For Buyers: Validate the Asking Multiple
Request trailing 12-month and 3-year P&L with bank statement backup before making an offer. If a Montessori School seller cannot produce reconciled financials, that signals what the full diligence process will look like.
Verify the ams or ami accreditation claims independently — pull contract copies, renewal documentation, and client-level revenue data. This is the primary driver of whether this Montessori School is worth 5.5x or 2x.

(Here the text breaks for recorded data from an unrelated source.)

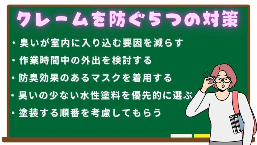 クレームを避けるために、塗装する順番を業者に相談してみるのも一つの対策です。例えば、「最初は片面だけ塗り、他の面は後日にする」といった工夫をしてもらうことで、既に塗装が終わっている側の窓は開けても臭いが気にならない可能性が高くなります。これにより、入居者様は完全に窓を閉め切る必要がなくなり不便を軽減できます。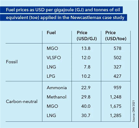 表3:Newcastlemax型散貨船中采用美元/GJ和美元/噸油當量(toe)為單位的燃料價格。價格為未來平均價,其場景是低成本的可再生電力用于生產碳中和的電化燃料。
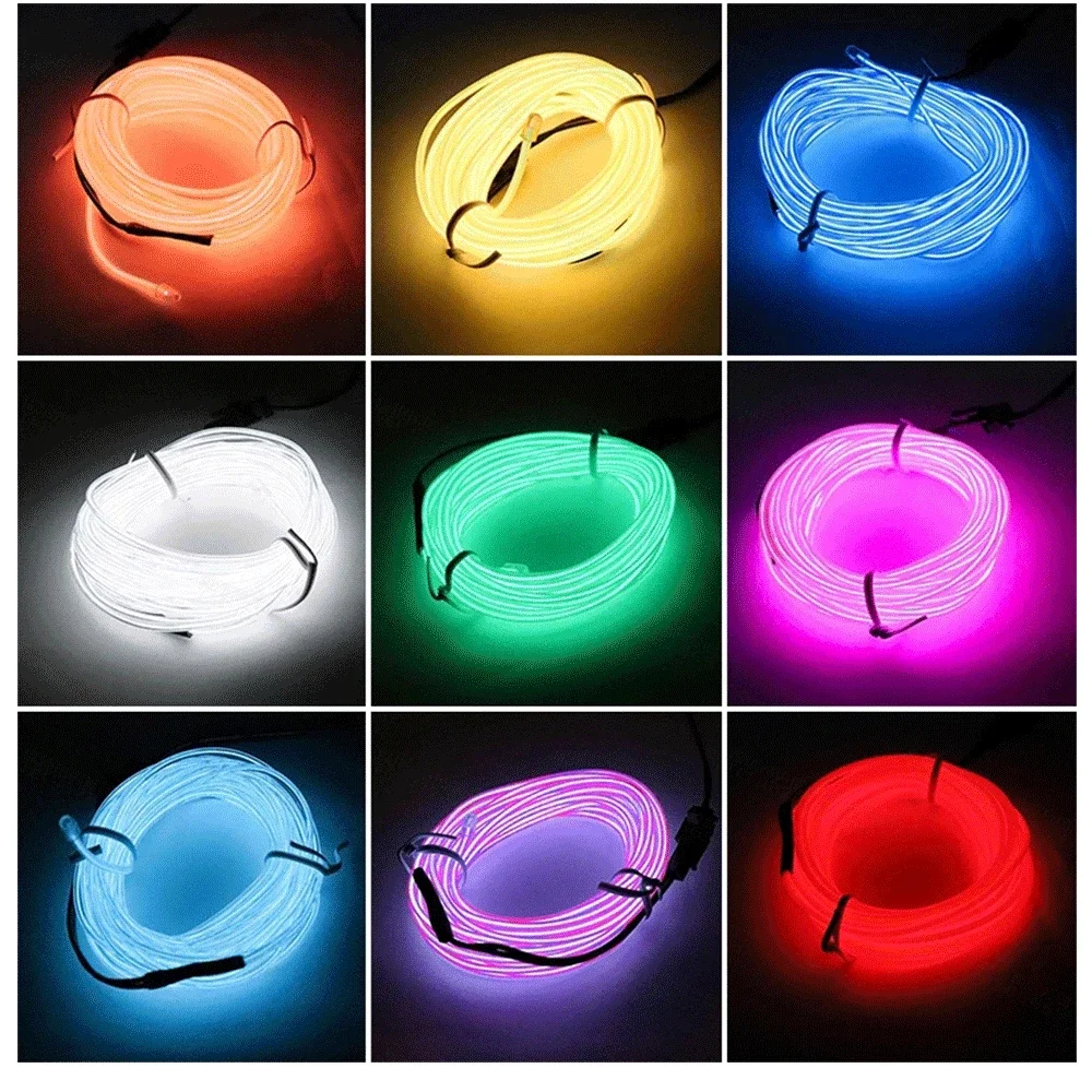 EL سلك 5/4/3/2/1 لون 1 متر أضواء مضيئة مع أضواء النيون لتقوم بها بنفسك مزيج أضواء متعددة الألوان بطاريات AA USB حفلة موسيقية شرائط ليد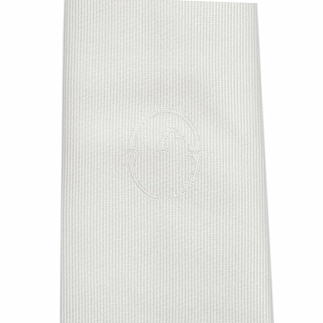 White polyester show tie with Vestrum logo.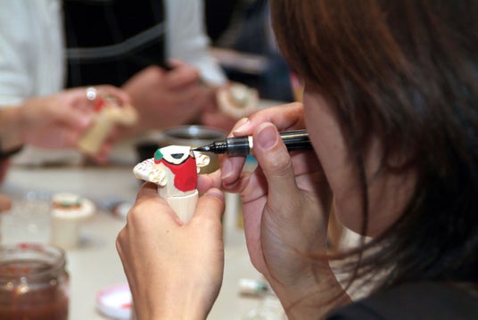 伝統工芸品「木うそ」の無料絵付け体験。鷽(うそ)鳥は天神さまの守り鳥とされる。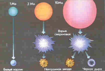 Иная судьба у более массивных звезд. Если масса звезды примерно вдвое превышает массу Солнца, то такие звезды на последних этапах своей эволюции теряют устойчивость. В частности, они могут взорваться как сверхновые, обогащая межзвездную среду тяжелыми химическими элементами (которые образовались внутри звезды и во время ее взрыва), а затем катастрофически сжаться до размеров шаров радиусом в несколько километров, т. е. превратиться в нейтронные звезды.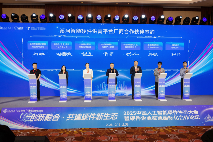 10月16日,以“创新融合·共建硬件新生态”为主题的2025中国人工智能硬件生态大会暨硬件企业赋能国际化合作论坛在上海静安昆仑饭店举行。大会上,溪河智能硬件供需平台正式启动,并开展了多轮签约仪式。首批签约企业包括联想新视界、猎户星空、亮风台等知名科技公司;第二批签约方则有上海商汤科技、西安鲲鹏易飞无人机科技等创新企业。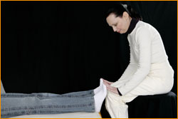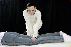 ![]() Position 18: Hände schräg hintereinander in die Kniekehlen |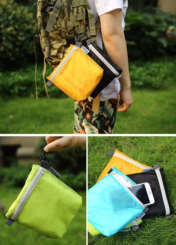 Небольшая сумочка размером 19*18 см и весом 13, предназначена для путешествий и туризма, ткань 15D имеет хорошую влагозащиту, что позволит сохранить вещи сухими, а благодаря крючку, сумочку можно закрепить снаружи рюкзака или внутри.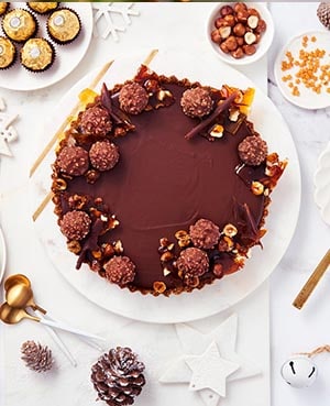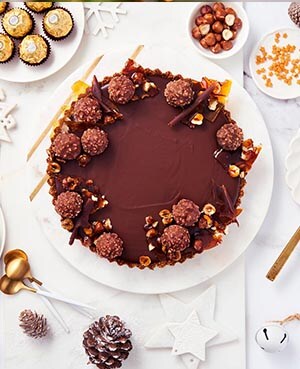 - Refrigerate for at least an hour uncovered, then decorate with Ferrero Rocher, chocolate curls and candied hazelnuts to taste.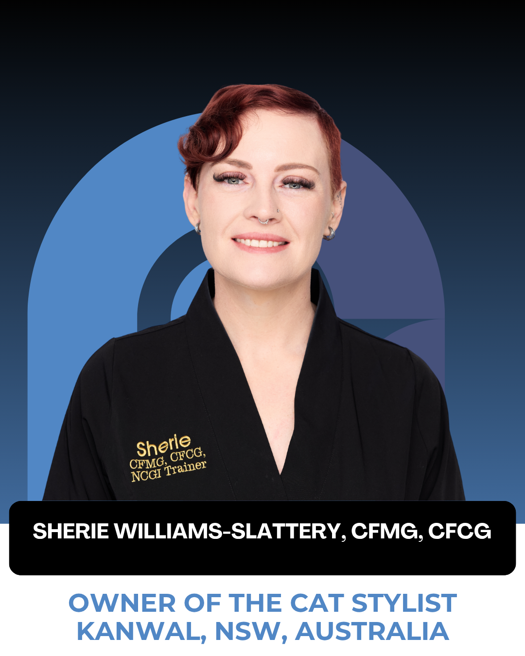 Sherie Williams-Slattery (CFMG, CFCG, Certifier), based in Sydney, Australia, transitioned to cat-exclusive grooming in 2020 and has since cultivated a loyal, membership-based clientele. Operating from a calm, private home salon, her work is defined by consistency, low-stress handling, and exceptional standards. A highly sought-after service, her business reflects a considered approach where quality, care, and sustainability are prioritised over volume.

Assess owner-operator dependency directly: ask which revenue or client relationships depend on the current owner personally, and what the transition plan is. An exit-ready seller has already worked through this.
Model your SBA debt service against verified EBITDA before signing the LOI. At current rates, a $1M SBA 7(a) loan runs approximately $13,000/month over 10 years — the business needs at least 1.25x debt service coverage after a market-rate manager salary.
Most accredited Montessori schools with stable enrollment sell at 3.5x–5.5x adjusted EBITDA. Accreditation status, occupancy rates, staff independence, and lease security are the primary multiple drivers.
Buyers add back the owner's above-market salary, personal expenses run through the business, and one-time costs to normalize earnings. A market-rate director salary — typically $70K–$100K — is then reapplied.
Yes. Montessori schools are SBA 7(a) eligible. Buyers typically inject 10–20% equity with the remainder financed over 10 years. Lenders scrutinize enrollment trends, lease terms, and licensing compliance closely.
Both accreditations command premium multiples over non-accredited schools. AMI is considered more rigorous internationally, but AMS is more common in U.S. transactions. Either meaningfully supports higher buyer confidence and valuation.